Identification of IgA autoantibodies targeting mesangial cells redefines the pathogenesis of IgA nephropathy

Immunoglobulin A (IgA) nephropathy (IgAN) is the most common type of primary glomerulonephritis, often progressing to renal failure. IgAN is triggered by IgA deposition in the glomerular mesangium by an undefined mechanism. Here, we show that grouped ddY (gddY) mice, a spontaneous IgAN model, produce serum IgA against mesangial antigens, including beta II-spectrin. Most patients with IgAN also have serum anti-beta II-spectrin IgA. As in patients with IgAN, IgA+ plasmablasts accumulate in the kidneys of gddY mice. IgA antibodies cloned from the plasmablasts carry substantial V-region mutations and bind to beta II-spectrin and the surface of mesangial cells.
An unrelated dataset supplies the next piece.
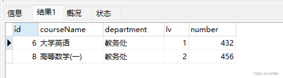 INSERT INTO `course` VALUES ('2', 'MySQL应用基础', '信息工程系', '2', '567');
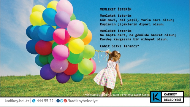 Cahit Sıtkı Tarancı’nın “Memleket İsterim”, Refik Durbaş’ın “Barış Koyun Çocukların Adını”, Melih Cevdet Anday’ın “Olsun da Gör”, Hasan İzzettin Dinamo’nun “Barış Şarkısı” şiirlerinden alıntıların yapıldığı billboardlara çocuklar ellerinde uçurtmalar ve balonlarla eşlik ediyor.

These IgAs recognize transfected and endogenous beta II-spectrin exposed on the surface of em-bryonic kidney-derived cells. Last, we demonstrate that the cloned IgA can bind selectively to glomerular me-sangial regions in situ. The identification of IgA autoantibody and its antigen in IgAN provides key insights into disease onset and redefines IgAN as a tissue-specific autoimmune disease.

Automated summary

This study demonstrates that IgA nephropathy is the most common form of primary glomerulonephritis, characterized by the deposition of IgA in the glomerular mesangium. The researchers found that patients with IgA nephropathy and a spontaneous mouse model produce IgA antibodies against mesangial antigens, specifically beta II-spectrin. These antibodies have substantial V-region mutations and can bind to the surface of mesangial cells, indicating the presence of a tissue-specific autoimmune response in IgA nephropathy.